-- About this task --
Pictures in the entries below are excluded; copy only the lines from the one containing "Днем 22-го, с" to the one containing "12月1日,在河南省济源市世纪广场,医护人员为市民讲解防艾知识。", both included.

Top of Data section

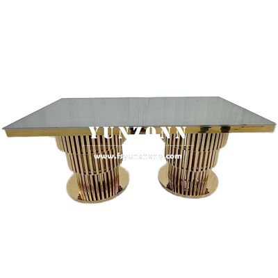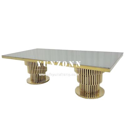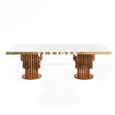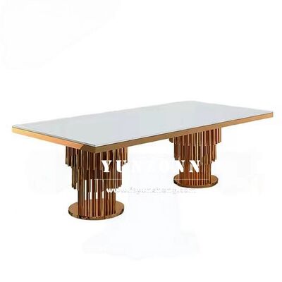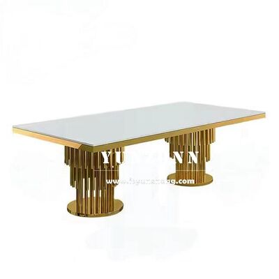 | اسم المنتج | طاولة طعام حديثة من الفولاذ المقاوم للصدأ الذهبية مع تصميم قاعدة قاعدة للاحتفالات في الهواء الطلق حفلات الزفاف والفعاليات الفندقية |
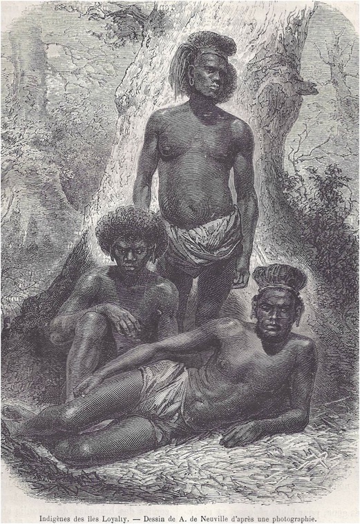 "Depuis que la Nouvelle-Calédonie est devenue un lieu de déportation, les sauvages Kanaques sont, dit-on, en voie de se civiliser quelque peu...Tant mieux, alors: car c'était bien tout ce qu'on peut imaginer de plus affreux que cette noire peuplade. Au physique d'abord: assez bien faits de corps, pourtant, mais d'une désagréable couleur de chocolat, ils ont les cheveux noirs, laineux, la barbe rude et crépue, le nez étaté, de grosses vilaines lèvres de nègres, saillantes et lippues, le front étroit et la tête aplatie; surtout des yeux ingectés de sang qui leur donnent un regard farouche. Les femmes sont beaucoup lus laides encore; accablées des plus rudes travaux, elles sont vieilles de bonne heure, et, alors, horribles." (Ch. Delon, op.cit. 227)
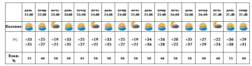 Днем 22-го, с 23-27 августа ожидается погода без осадков. В вечерние часы с 24-27 августа ожидается усиление ветра с порывами до 13-15 м/с.
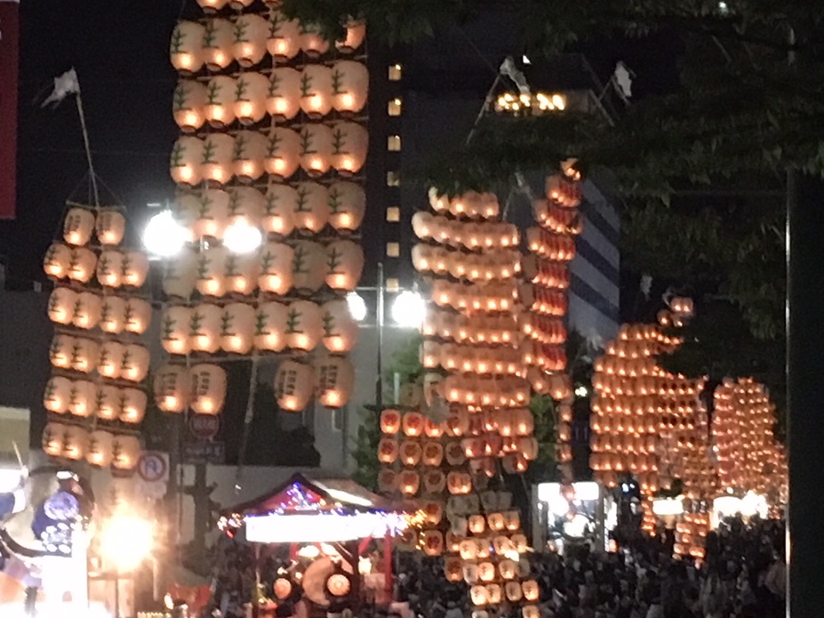 立ち上げた竿燈に、竿を継ぎ足し継ぎ足し、みるみる高さは増して行きます。
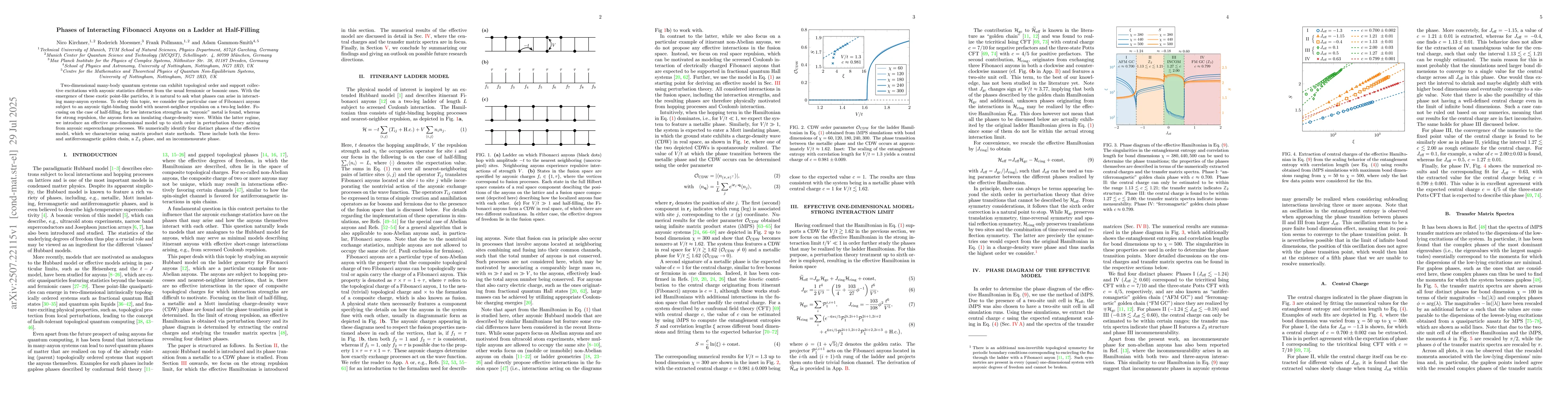 This work introduces a comprehensive analysis of interacting Fibonacci anyons on a ladder at half-filling, identifying new phases not previously reported in the literature.
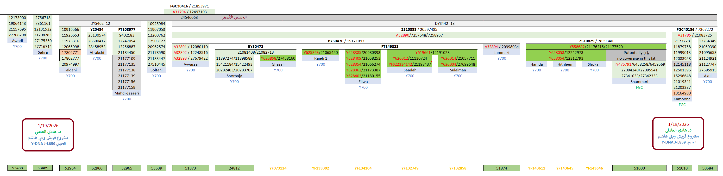 ظهرت نتيجة Y700/111-STRs/YFull لعيّنة السادة آل شقير الودمة الطمات الأعرجيّة الحُسينيّين (إحدى أُسَر آل حمدان من بني حسين، المتّصلين مع السادة آل حثلين في حمدان بن وديم) من حفر الباطن وقرية العُليا في أعالي بادية نجد الشرقيّة والجهراء في الكويت (مع أصول ترجع إلى المدينة المُنوّرة وباديتها)، وجاءت موجبة للتحوّرات القرشيّة (L859) والطالبيّة (FGC8703) والعَلَويّة (FGC10500) والحُسينيّة (FGC30416). مبارك لهم.
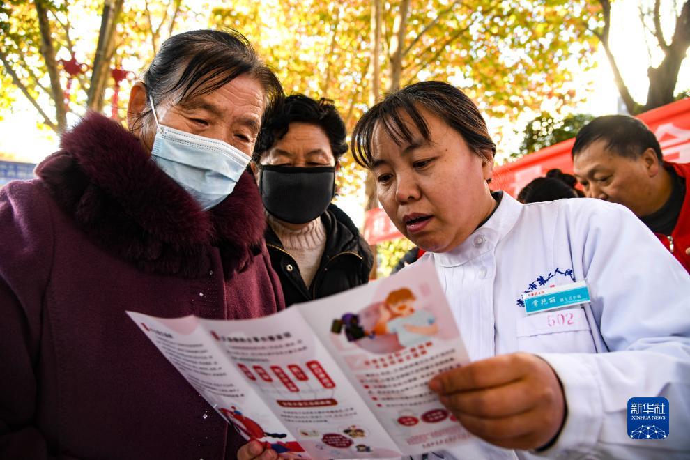 12月1日,在河南省济源市世纪广场,医护人员为市民讲解防艾知识。
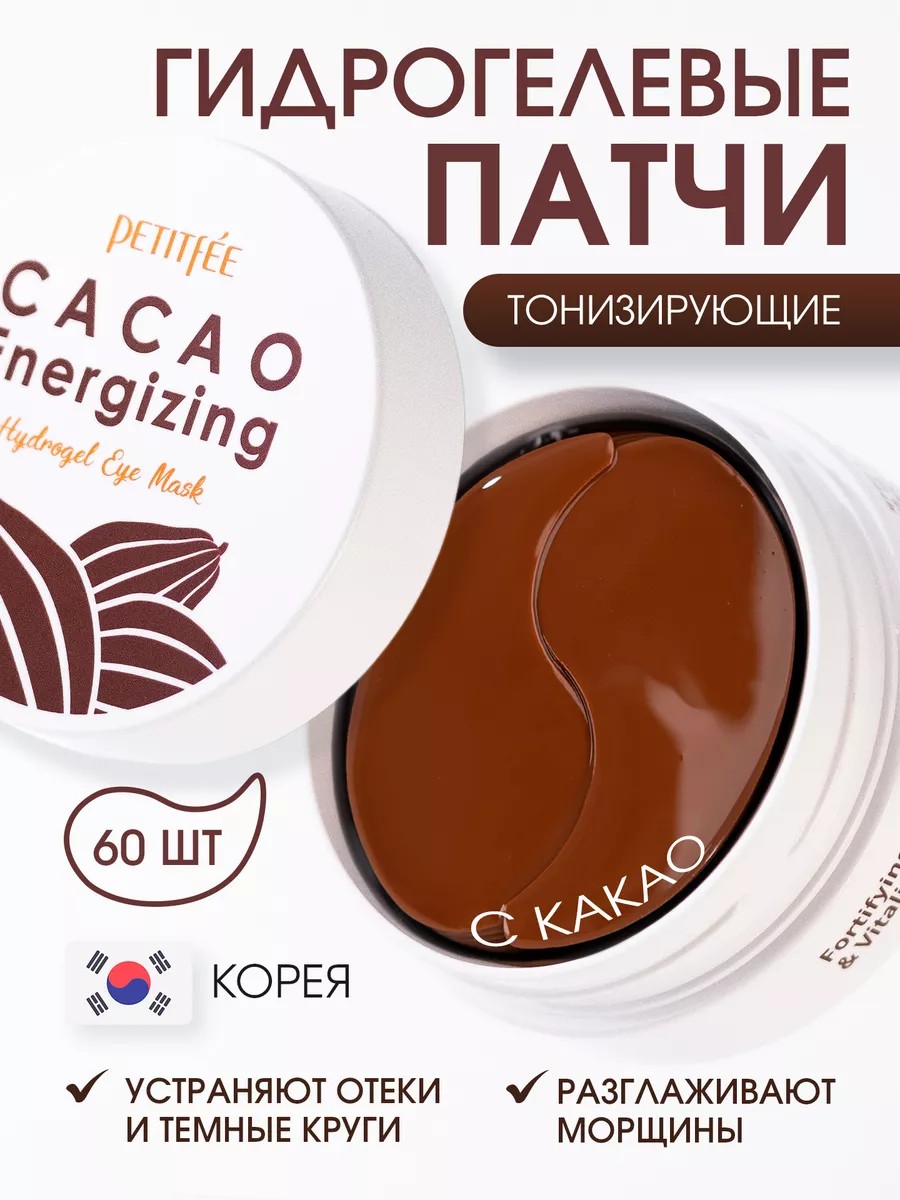 Тонизирующие гидрогелевые патчи с какао Petitfee Cacao Energizing Hydrogel Eye Patch быстро устраняют усталость и тонизируют кожу под глазами. Экстракт какао оказывает ярко выраженное лимфодренажное действие, помогает осветлить темные круги под глазами и мгновенно освежает взгляд. Они отлично увлажняют, помогают сохранять молодость кожи.

Bottom of Data section

-- Output --
 Днем 22-го, с 23-27 августа ожидается погода без осадков. В вечерние часы с 24-27 августа ожидается усиление ветра с порывами до 13-15 м/с.
 立ち上げた竿燈に、竿を継ぎ足し継ぎ足し、みるみる高さは増して行きます。
 This work introduces a comprehensive analysis of interacting Fibonacci anyons on a ladder at half-filling, identifying new phases not previously reported in the literature.
 ظهرت نتيجة Y700/111-STRs/YFull لعيّنة السادة آل شقير الودمة الطمات الأعرجيّة الحُسينيّين (إحدى أُسَر آل حمدان من بني حسين، المتّصلين مع السادة آل حثلين في حمدان بن وديم) من حفر الباطن وقرية العُليا في أعالي بادية نجد الشرقيّة والجهراء في الكويت (مع أصول ترجع إلى المدينة المُنوّرة وباديتها)، وجاءت موجبة للتحوّرات القرشيّة (L859) والطالبيّة (FGC8703) والعَلَويّة (FGC10500) والحُسينيّة (FGC30416). مبارك لهم.
 12月1日,在河南省济源市世纪广场,医护人员为市民讲解防艾知识。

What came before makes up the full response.